### Dataset excerpt

=== Section Start ===

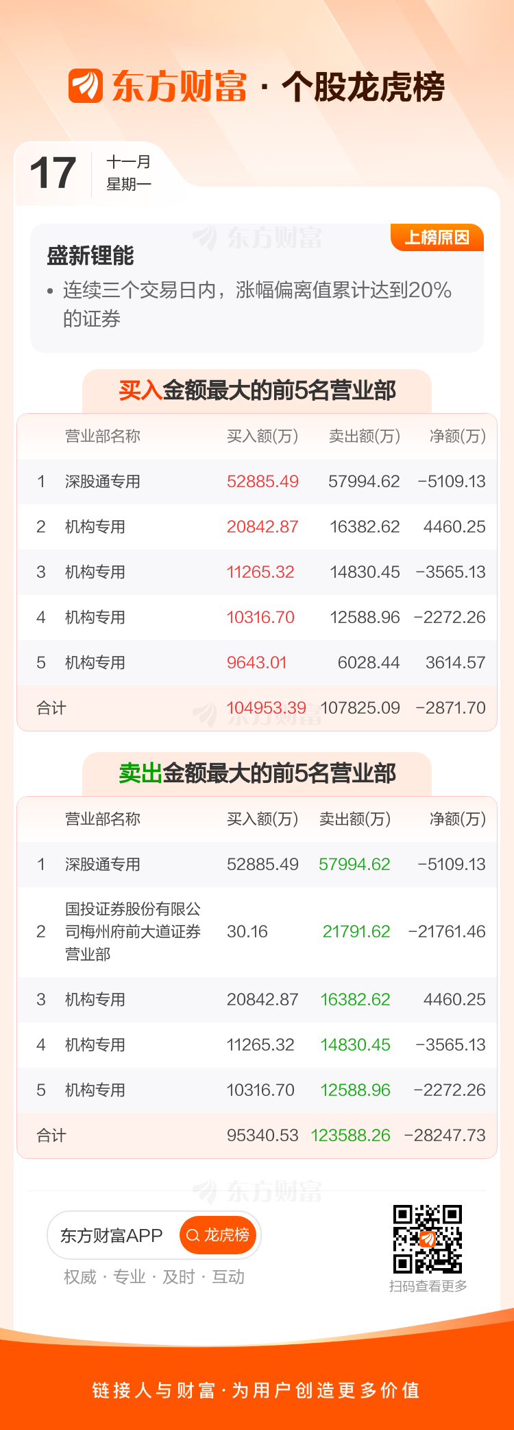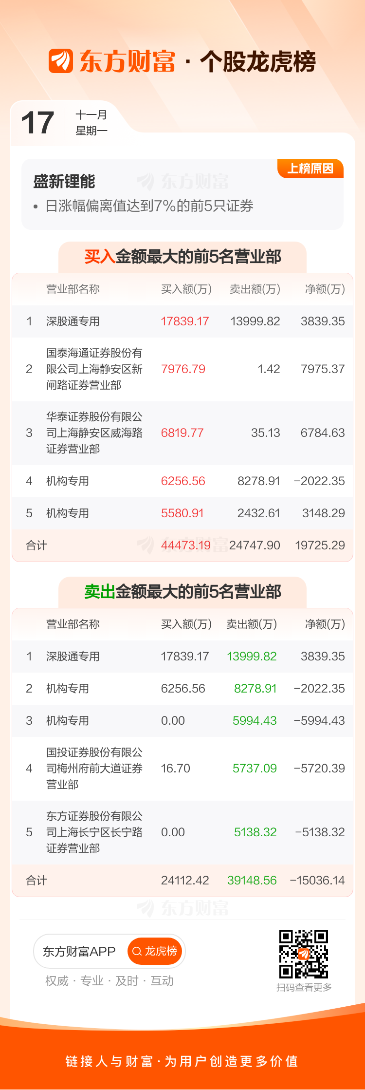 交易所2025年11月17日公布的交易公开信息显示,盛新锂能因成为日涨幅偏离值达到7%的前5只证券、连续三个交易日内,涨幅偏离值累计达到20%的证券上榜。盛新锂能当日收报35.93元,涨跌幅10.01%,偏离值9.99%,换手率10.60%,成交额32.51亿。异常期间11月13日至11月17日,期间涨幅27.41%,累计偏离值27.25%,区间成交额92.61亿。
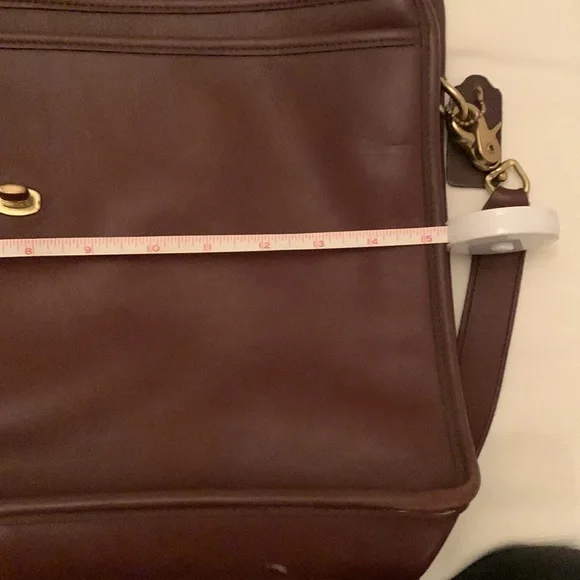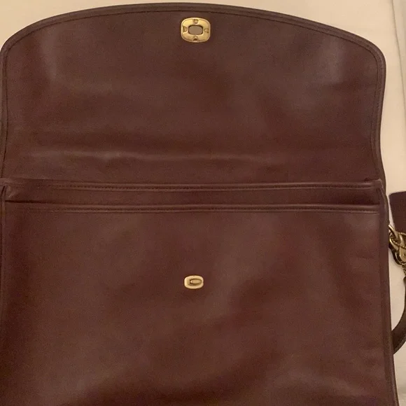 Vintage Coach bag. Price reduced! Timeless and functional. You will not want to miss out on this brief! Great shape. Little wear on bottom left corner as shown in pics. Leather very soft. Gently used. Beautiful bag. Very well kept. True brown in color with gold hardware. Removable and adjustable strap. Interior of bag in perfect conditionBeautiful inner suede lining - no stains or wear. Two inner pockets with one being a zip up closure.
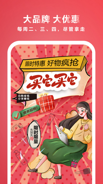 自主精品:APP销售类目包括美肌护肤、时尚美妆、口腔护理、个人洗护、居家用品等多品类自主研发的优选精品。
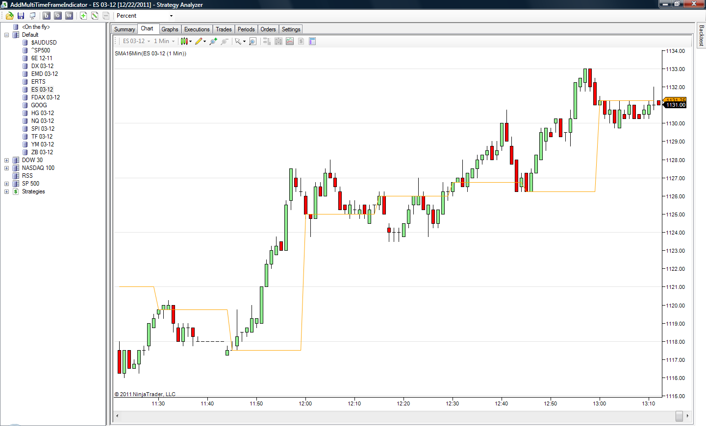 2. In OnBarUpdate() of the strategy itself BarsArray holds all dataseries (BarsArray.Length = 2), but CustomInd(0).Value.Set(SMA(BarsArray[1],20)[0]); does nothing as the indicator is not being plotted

=== Section End ===

### Assignment
Output the material word for word, and keep the pictures out.

### Solution to the exercise
 交易所2025年11月17日公布的交易公开信息显示,盛新锂能因成为日涨幅偏离值达到7%的前5只证券、连续三个交易日内,涨幅偏离值累计达到20%的证券上榜。盛新锂能当日收报35.93元,涨跌幅10.01%,偏离值9.99%,换手率10.60%,成交额32.51亿。异常期间11月13日至11月17日,期间涨幅27.41%,累计偏离值27.25%,区间成交额92.61亿。
 Vintage Coach bag. Price reduced! Timeless and functional. You will not want to miss out on this brief! Great shape. Little wear on bottom left corner as shown in pics. Leather very soft. Gently used. Beautiful bag. Very well kept. True brown in color with gold hardware. Removable and adjustable strap. Interior of bag in perfect conditionBeautiful inner suede lining - no stains or wear. Two inner pockets with one being a zip up closure.
 自主精品:APP销售类目包括美肌护肤、时尚美妆、口腔护理、个人洗护、居家用品等多品类自主研发的优选精品。
 2. In OnBarUpdate() of the strategy itself BarsArray holds all dataseries (BarsArray.Length = 2), but CustomInd(0).Value.Set(SMA(BarsArray[1],20)[0]); does nothing as the indicator is not being plotted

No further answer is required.